(Exercise brief) The task calls for the lines below from the line with "지난 1일 직원 A씨는" to the line with "Костюм для мальчика", both ends included, copied exactly, without any pictures.

(Records for this exercise)
= = = = = = =
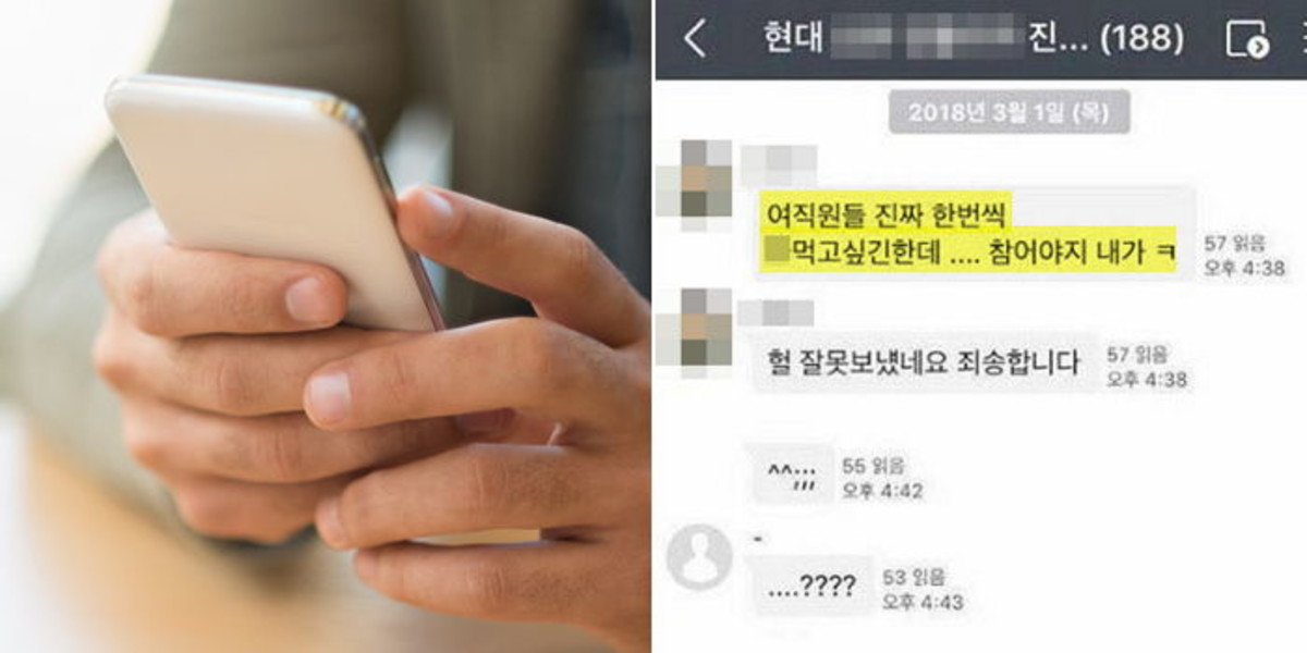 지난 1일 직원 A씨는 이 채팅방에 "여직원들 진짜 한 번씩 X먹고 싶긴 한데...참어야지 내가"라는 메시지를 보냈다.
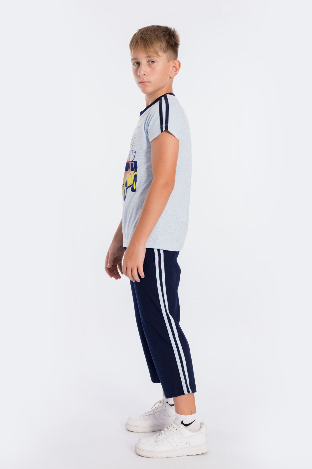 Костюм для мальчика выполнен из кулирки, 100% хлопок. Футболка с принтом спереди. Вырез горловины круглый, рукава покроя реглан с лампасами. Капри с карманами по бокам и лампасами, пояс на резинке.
= = = = = = =
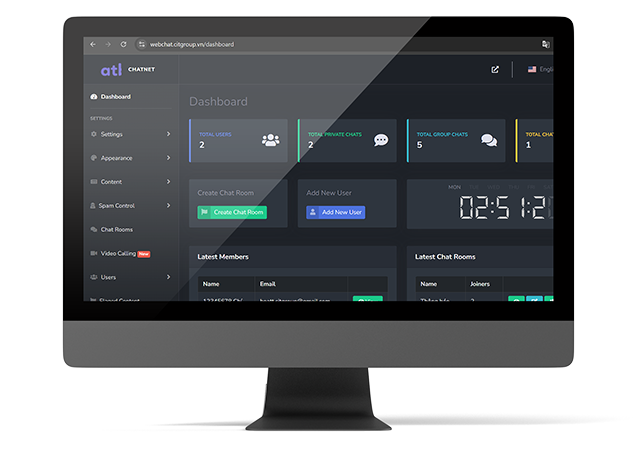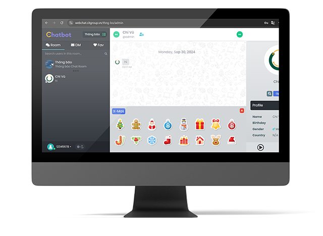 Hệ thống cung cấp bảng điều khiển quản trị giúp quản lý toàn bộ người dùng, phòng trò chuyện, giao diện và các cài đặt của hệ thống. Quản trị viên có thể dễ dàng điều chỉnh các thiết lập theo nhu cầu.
= = = = = = =
(Expected answer)
 지난 1일 직원 A씨는 이 채팅방에 "여직원들 진짜 한 번씩 X먹고 싶긴 한데...참어야지 내가"라는 메시지를 보냈다.
 Костюм для мальчика выполнен из кулирки, 100% хлопок. Футболка с принтом спереди. Вырез горловины круглый, рукава покроя реглан с лампасами. Капри с карманами по бокам и лампасами, пояс на резинке.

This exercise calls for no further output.